CheXphotogenic: Generalization of Deep Learning Models for Chest X-ray Interpretation to Photos of Chest X-rays

Pranav Rajpurkar,Anirudh Joshi,Anuj Pareek,Jeremy Irvin,Andrew Y. Ng,Matthew Lungren
DOI: https://doi.org/10.48550/arXiv.2011.06129
2020-11-12
Abstract:The use of smartphones to take photographs of chest x-rays represents an appealing solution for scaled deployment of deep learning models for chest x-ray interpretation. However, the performance of chest x-ray algorithms on photos of chest x-rays has not been thoroughly investigated. In this study, we measured the diagnostic performance for 8 different chest x-ray models when applied to photos of chest x-rays. All models were developed by different groups and submitted to the CheXpert challenge, and re-applied to smartphone photos of x-rays in the CheXphoto dataset without further tuning. We found that several models had a drop in performance when applied to photos of chest x-rays, but even with this drop, some models still performed comparably to radiologists. Further investigation could be directed towards understanding how different model training procedures may affect model generalization to photos of chest x-rays.
Image and Video Processing,Computer Vision and Pattern Recognition,Machine Learning
What problem does this paper attempt to address?

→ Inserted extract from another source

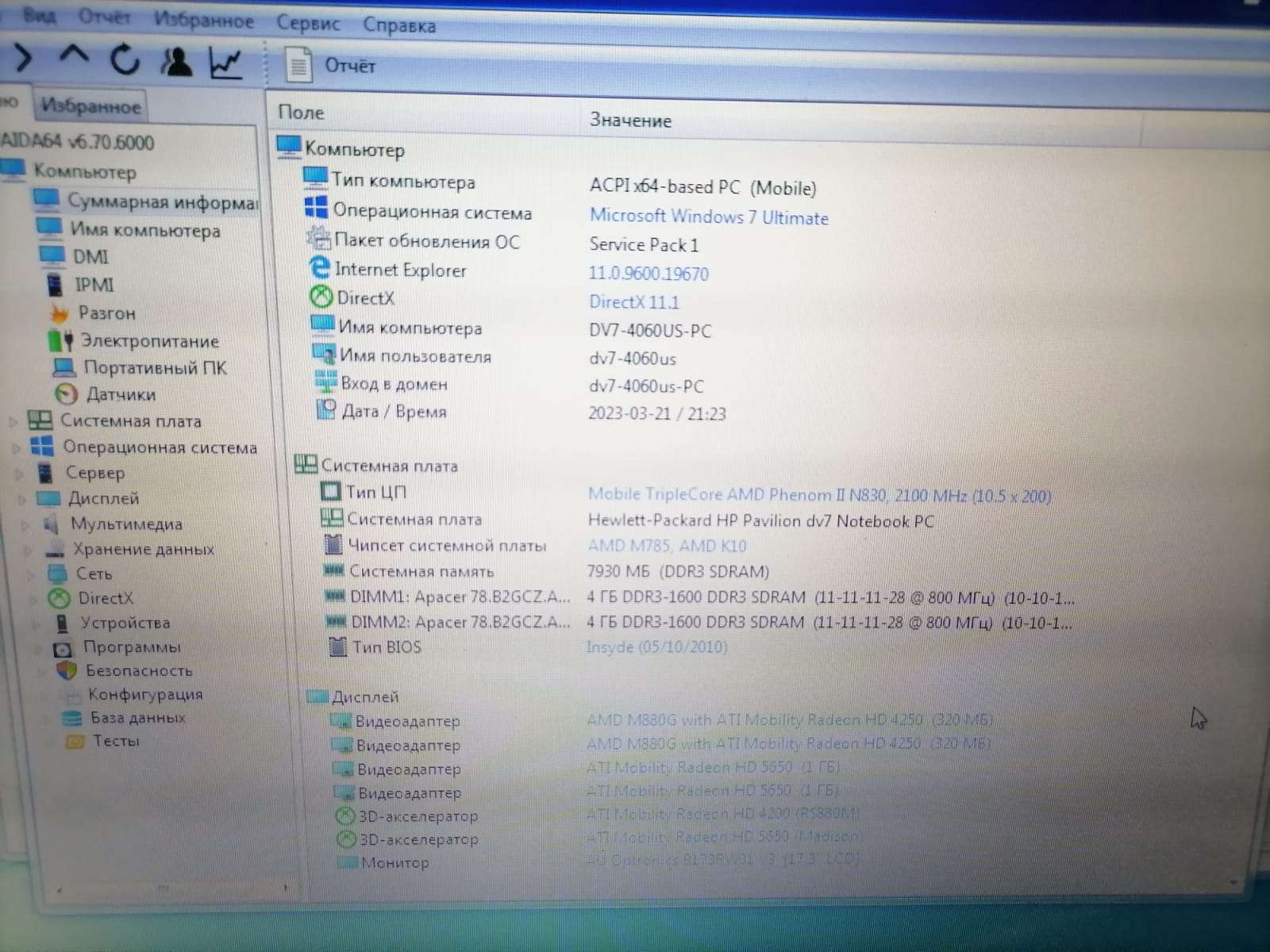 1. HP dv7-4060us Отличный ноутбук практически в идеальном состоянии. Большая диагональ, на борту шустрый 3х ядерный 2,1 ггц проц Phenom n830, абсолютно нулевый ssd 128, 8гб ОЗУ DDR 3L, Radeon HD 5650 с 1 гб видеопамяти. Цена - 10 000, торг. + 1000 подкину двухдиапазонный вайфай + 1500 - нульцевую ноутбучную сумку 2. HP dv6-3090er Продам бывало старичка, но старый конь борозды не испортит. На борту двухядерный резвый проц Athlon P320, 2 ядра по 2,2 ггц (+2500р и поставлю четырехядерный Phenom P960 1,8 ггц, но смысла в этом особого не вижу), 8 гб ОЗУ DDR 3L, видак радеон 5650 1 гб, для системы 128гб ssd(без пробега) + 500гб hdd на салазках вместо cdrom (-1500р. и верну сидюк на место). Есть косметический дефект, под левой петлей сломан поддон(хроническая болезнь этой серии ноутов), на работу не влияет, петля зафиксирована да и вентиляция лучше. Могу подкинуть в этом же месте склеенный, но целостный подддон(+1500), но опять же - смысла в этом особого не вижу. Цена 8000 торг. + 1000 рублей и поставлю двухдипазонный wifi модуль + bt + 1500 рублей и в придачу дам нулевую сумку 3. Vaio pcg Продаю отличную шуструю рабочую лошадку. На борту АМД Phenom 2 n930 4 ядра по 2 ггц, 8 гб ОЗУ DDR3L, видео 1гб, двухдиапазонный вайфай, куча наклеек на крышке, вместо dvd - hdd на 500, для системы ssd на 240. Без винтов дешевле. Прошу 9000. В целом неплохой вариант за эти деньги. Торг само собой будет. 3,5. Ноутбук hp dv6-3060er на запчасти. Предпочтительно в сборе. Цена за комплект - 4500 без ссд и прочих ликвидных мелочей. Матрица живая, матрица отдельно - 2500, верхняя крышка в подарок. Материнка - вероятнее всего дохлый север, питание в начале есть, экран(в том числе и внешний - тишина, кулер не стартует). Видак, юг и проц вероятнее всего живые, следов демонтажа я не увидел. Но без гарантии. Клавиатура - все кнопки на месте. Мелочевку отдавать отдельно не буду. Отдельно есть два ssd msata на 64 и 128гб по 800 и 1200 рублеу сответственно. Россыпь оперативки - от 1 гб. Есть двухдиапазонный вайвай модуль с бт, с антеннами и возможностью монтажа на материнки десктопов - 1500р. Есть сата хдд обьемом от 128 до 500 гб.

The main problems that this paper attempts to solve are to evaluate the diagnostic performance of deep - learning models on chest X - ray photos taken by smart phones and how the generalization ability of these models compares with that of the original digital chest X - rays. Specifically, the researchers are concerned with: 1. **The problem of model performance degradation**: When deep - learning models are applied to chest X - ray photos taken by smart phones, will their performance decline significantly? In the study, 8 different chest X - ray models were used, which were all developed by different research teams and participated in the CheXpert challenge. 2. **Comparison with radiologists**: Even if the performance has declined, can the performance of these models still be comparable to that of radiologists? The study evaluates this by comparing the performance of the models on the photos with the diagnostic results of radiologists. 3. **Differences in performance under different pathological conditions**: The study also explores the specific situation of performance degradation of these models when processing photos under different pathological conditions (such as atelectasis, cardiomegaly, consolidation, edema and pleural effusion). Through the research on these problems, the author hopes to understand the feasibility and limitations of the application of deep - learning models in the actual clinical environment, especially the possibility of using smart phones for medical image transmission and automatic interpretation in areas with limited resources.